Start of Block
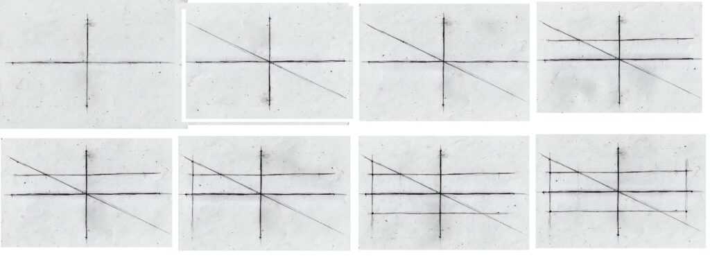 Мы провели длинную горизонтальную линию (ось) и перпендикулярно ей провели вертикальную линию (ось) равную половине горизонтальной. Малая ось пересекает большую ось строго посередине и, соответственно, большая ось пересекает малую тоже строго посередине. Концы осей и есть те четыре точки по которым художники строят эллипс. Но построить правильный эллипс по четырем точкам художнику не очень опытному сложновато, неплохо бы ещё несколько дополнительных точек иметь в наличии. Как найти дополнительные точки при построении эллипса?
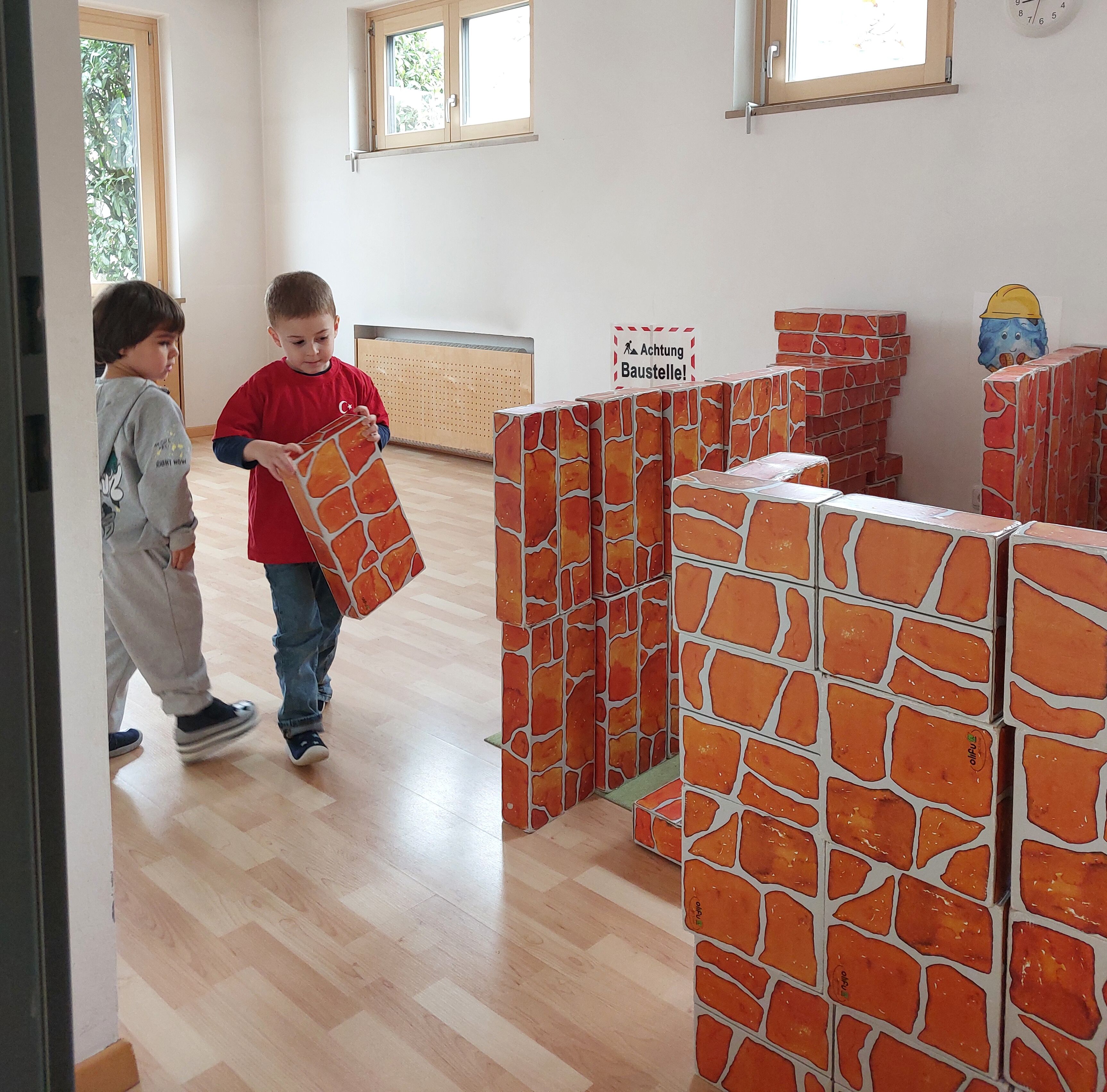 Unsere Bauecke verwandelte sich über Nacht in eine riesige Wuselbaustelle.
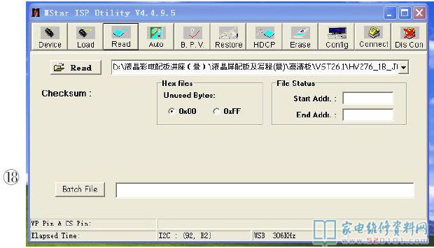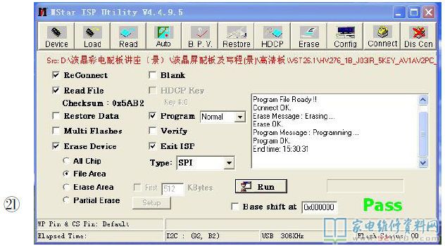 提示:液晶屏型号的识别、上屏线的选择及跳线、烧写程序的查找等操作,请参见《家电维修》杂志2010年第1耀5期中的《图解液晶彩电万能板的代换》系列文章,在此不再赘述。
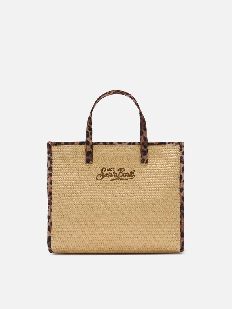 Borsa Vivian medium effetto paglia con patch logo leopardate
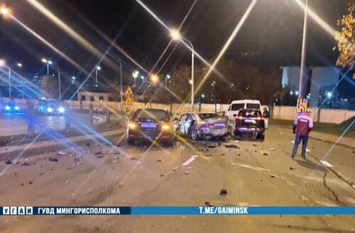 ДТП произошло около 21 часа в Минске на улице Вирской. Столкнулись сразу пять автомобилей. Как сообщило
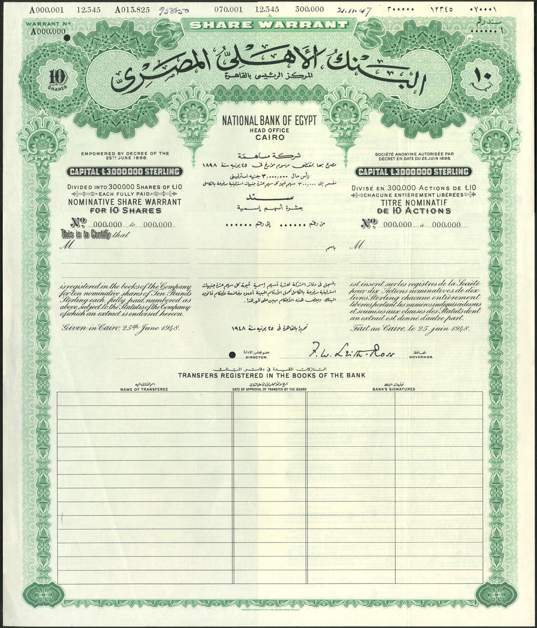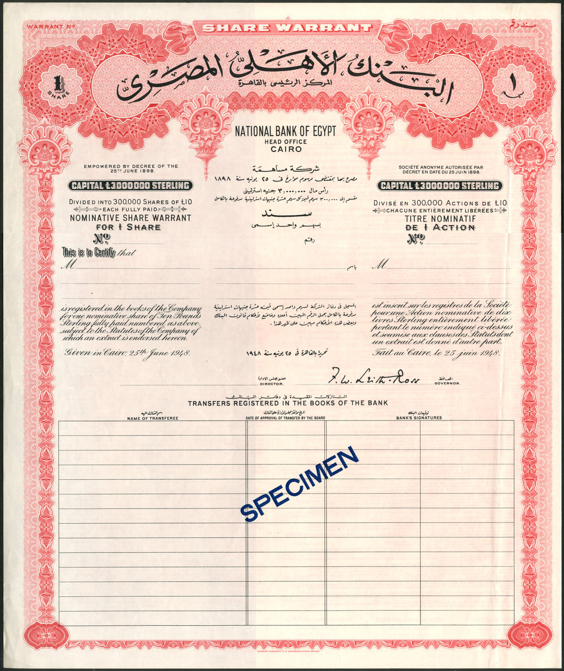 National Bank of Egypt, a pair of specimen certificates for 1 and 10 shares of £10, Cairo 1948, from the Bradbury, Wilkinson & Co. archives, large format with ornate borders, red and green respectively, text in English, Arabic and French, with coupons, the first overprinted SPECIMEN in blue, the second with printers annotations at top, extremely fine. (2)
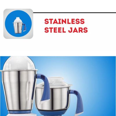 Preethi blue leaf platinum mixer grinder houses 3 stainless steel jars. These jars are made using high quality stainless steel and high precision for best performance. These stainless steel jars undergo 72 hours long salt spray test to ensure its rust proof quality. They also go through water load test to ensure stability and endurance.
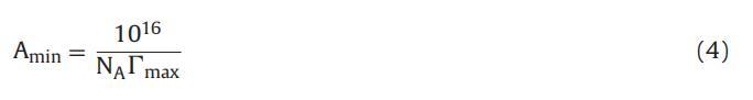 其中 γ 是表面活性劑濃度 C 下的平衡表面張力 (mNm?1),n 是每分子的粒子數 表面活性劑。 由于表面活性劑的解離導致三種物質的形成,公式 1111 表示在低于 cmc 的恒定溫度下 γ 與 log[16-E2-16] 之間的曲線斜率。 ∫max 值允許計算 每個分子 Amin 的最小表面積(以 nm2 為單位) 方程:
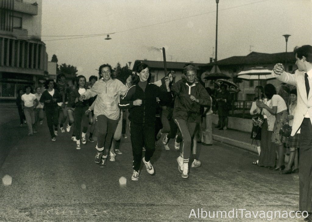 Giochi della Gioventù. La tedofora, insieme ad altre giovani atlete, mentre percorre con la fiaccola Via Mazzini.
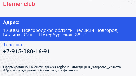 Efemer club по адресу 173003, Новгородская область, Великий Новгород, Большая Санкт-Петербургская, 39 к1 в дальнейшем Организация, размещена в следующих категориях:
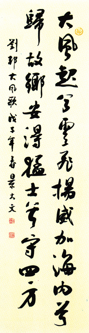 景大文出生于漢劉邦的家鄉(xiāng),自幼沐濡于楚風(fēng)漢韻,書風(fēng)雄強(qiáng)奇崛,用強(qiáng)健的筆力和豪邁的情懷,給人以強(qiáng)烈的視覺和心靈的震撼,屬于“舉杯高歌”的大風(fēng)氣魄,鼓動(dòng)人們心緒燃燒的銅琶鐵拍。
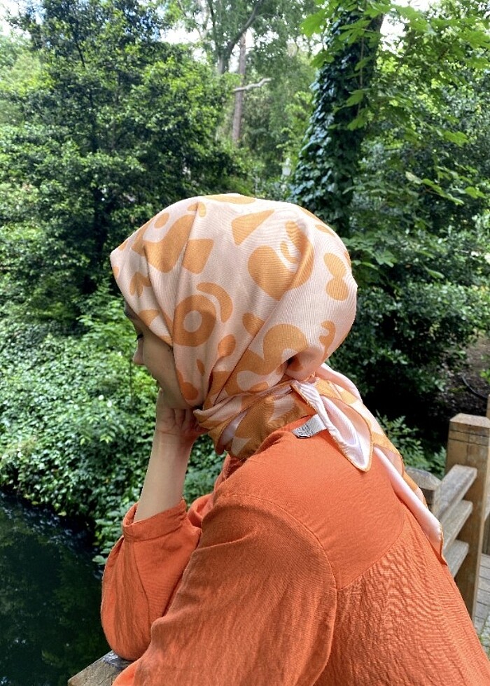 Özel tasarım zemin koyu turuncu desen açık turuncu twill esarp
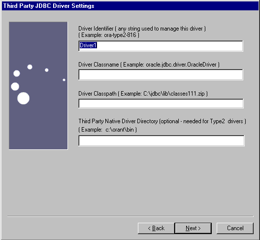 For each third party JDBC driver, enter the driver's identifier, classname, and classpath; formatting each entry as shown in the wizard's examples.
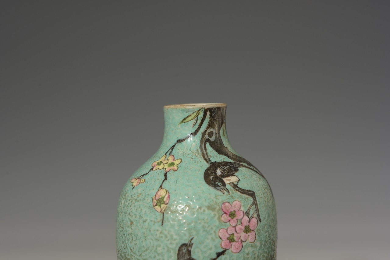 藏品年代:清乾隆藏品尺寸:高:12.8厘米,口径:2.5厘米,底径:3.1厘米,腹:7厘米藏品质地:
End of Block
What is being asked ->
The response must match the data line for line, from its first line through the line with "Preethi blue leaf", inclusive, and must leave out the pictures.

Output below ->
 Мы провели длинную горизонтальную линию (ось) и перпендикулярно ей провели вертикальную линию (ось) равную половине горизонтальной. Малая ось пересекает большую ось строго посередине и, соответственно, большая ось пересекает малую тоже строго посередине. Концы осей и есть те четыре точки по которым художники строят эллипс. Но построить правильный эллипс по четырем точкам художнику не очень опытному сложновато, неплохо бы ещё несколько дополнительных точек иметь в наличии. Как найти дополнительные точки при построении эллипса?
 Unsere Bauecke verwandelte sich über Nacht in eine riesige Wuselbaustelle.
 提示:液晶屏型号的识别、上屏线的选择及跳线、烧写程序的查找等操作,请参见《家电维修》杂志2010年第1耀5期中的《图解液晶彩电万能板的代换》系列文章,在此不再赘述。
 Borsa Vivian medium effetto paglia con patch logo leopardate
 ДТП произошло около 21 часа в Минске на улице Вирской. Столкнулись сразу пять автомобилей. Как сообщило
 National Bank of Egypt, a pair of specimen certificates for 1 and 10 shares of £10, Cairo 1948, from the Bradbury, Wilkinson & Co. archives, large format with ornate borders, red and green respectively, text in English, Arabic and French, with coupons, the first overprinted SPECIMEN in blue, the second with printers annotations at top, extremely fine. (2)
 Preethi blue leaf platinum mixer grinder houses 3 stainless steel jars. These jars are made using high quality stainless steel and high precision for best performance. These stainless steel jars undergo 72 hours long salt spray test to ensure its rust proof quality. They also go through water load test to ensure stability and endurance.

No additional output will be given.